Your task → Within the records below, find the line with "Pareja de pendientes" and the line with "Diese Gebührenmarken mit", then reproduce exactly those two lines and all lines between them, without any picture.

Supplied records →
------
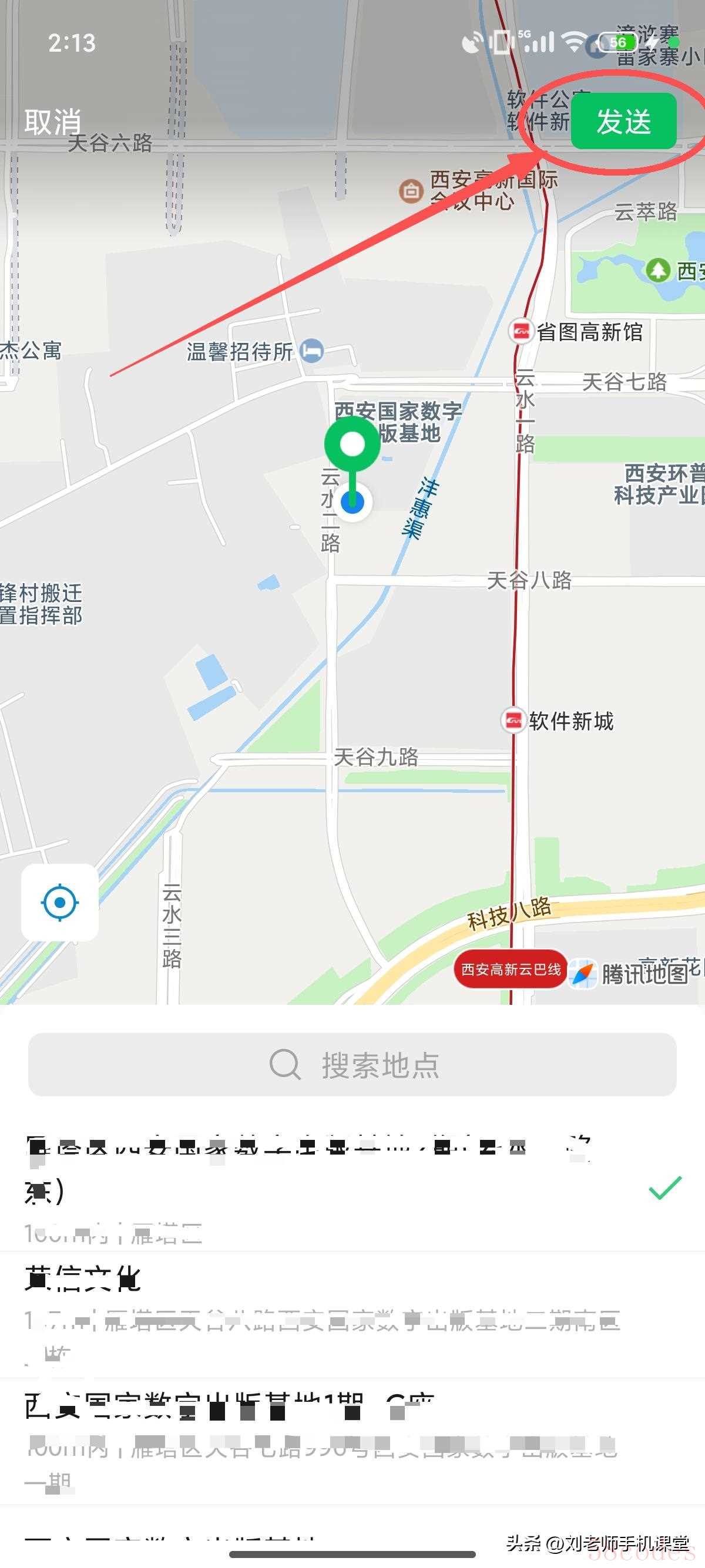 7. 在“发送位置”页面中,选择要发送的位置,并点击“发送”按钮。
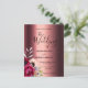 On front: A modern and elegant wedding invitation. A faux copper metallic looking background. Decorated with dark purple and burgundy and rose pink Flowers. Templates for names, date and place of the wedding. The text: The Wedding of is written with a large hand lettered style script, black coloured letters.
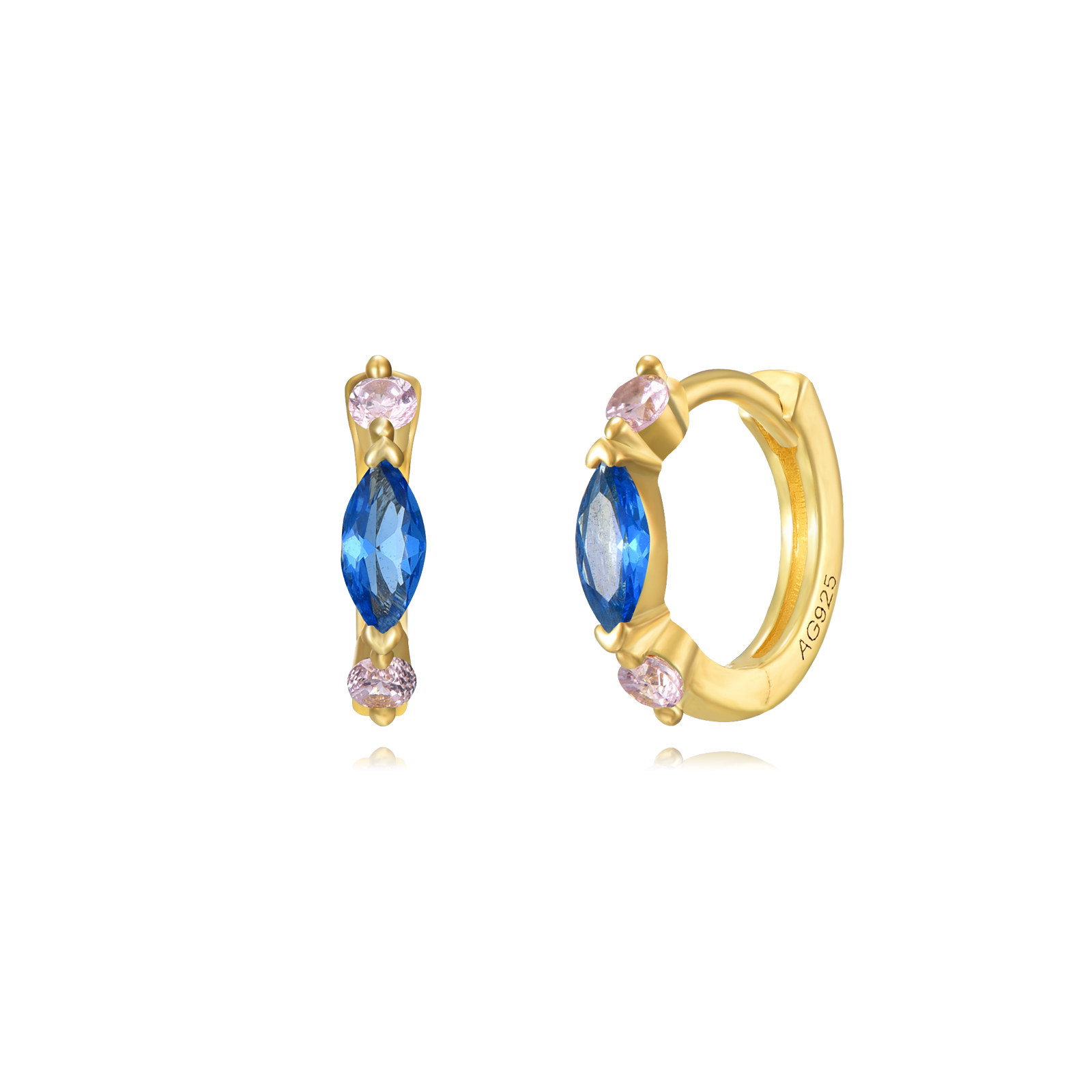 Pareja de pendientes aro de 11 milimetros con 3 circonitas una de ellas marquise
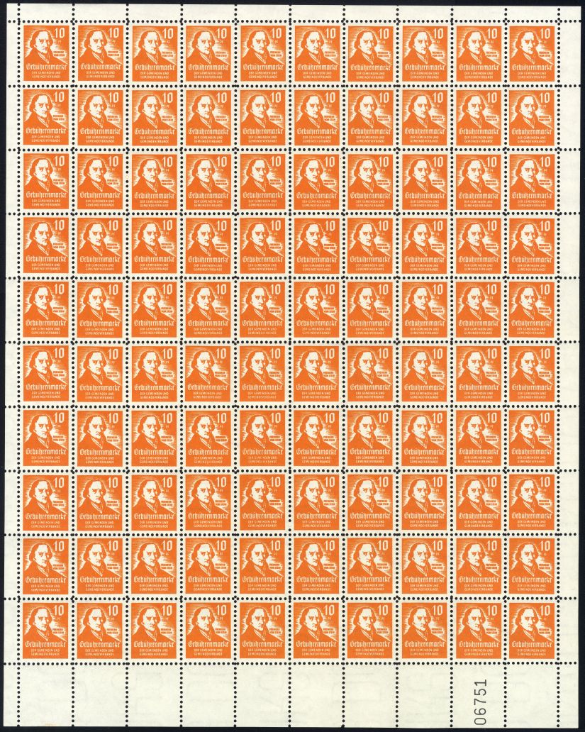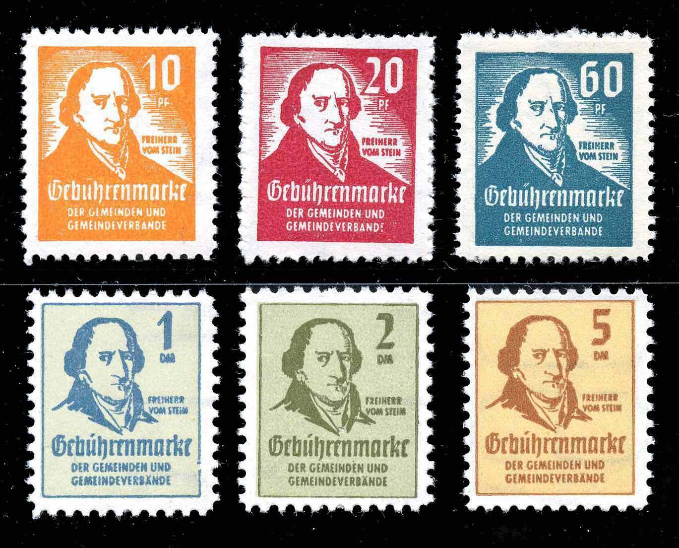 Diese Gebührenmarken mit dem Freiherrn von Stein wurden in den 50/60iger Jahren von diversen Gemeinden im nördlichen Bereich der BRD verwendet (Köln, Hannover usw. usf). 20 DM ist sicher ein eher seltner hoher Wert, aber da die Marken in vielen Gemeinden verwendet wurden und es sich um eine lose Mark, also keinen Beleg handelt dürfte der Wert auch nicht groß sein.
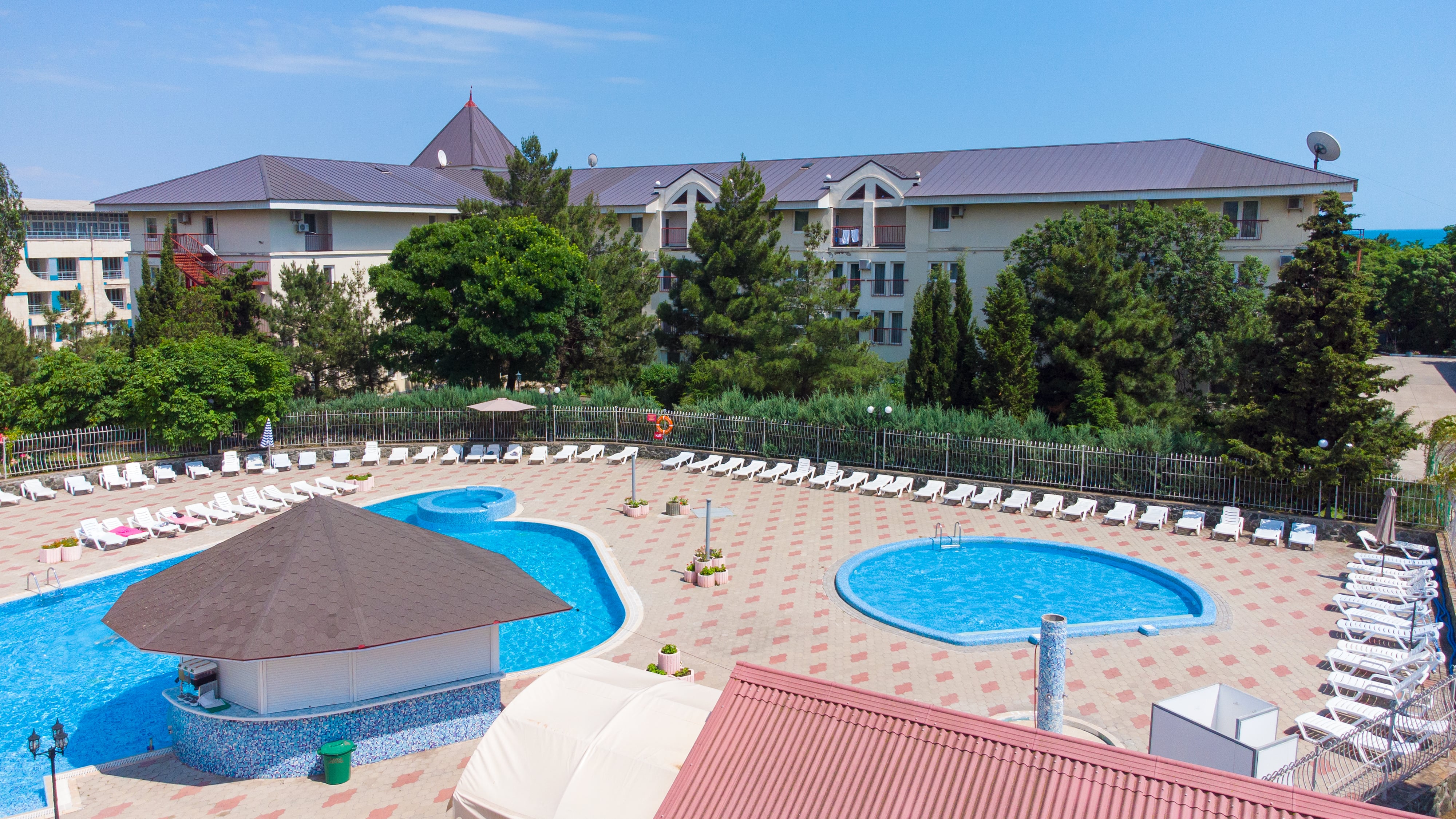 Территория пансионата великолепно озеленена, оборудована беседками, фонтаном-водопадом и похожа на прекрасный оазис.
------
Result of the exercise →
 Pareja de pendientes aro de 11 milimetros con 3 circonitas una de ellas marquise
 Diese Gebührenmarken mit dem Freiherrn von Stein wurden in den 50/60iger Jahren von diversen Gemeinden im nördlichen Bereich der BRD verwendet (Köln, Hannover usw. usf). 20 DM ist sicher ein eher seltner hoher Wert, aber da die Marken in vielen Gemeinden verwendet wurden und es sich um eine lose Mark, also keinen Beleg handelt dürfte der Wert auch nicht groß sein.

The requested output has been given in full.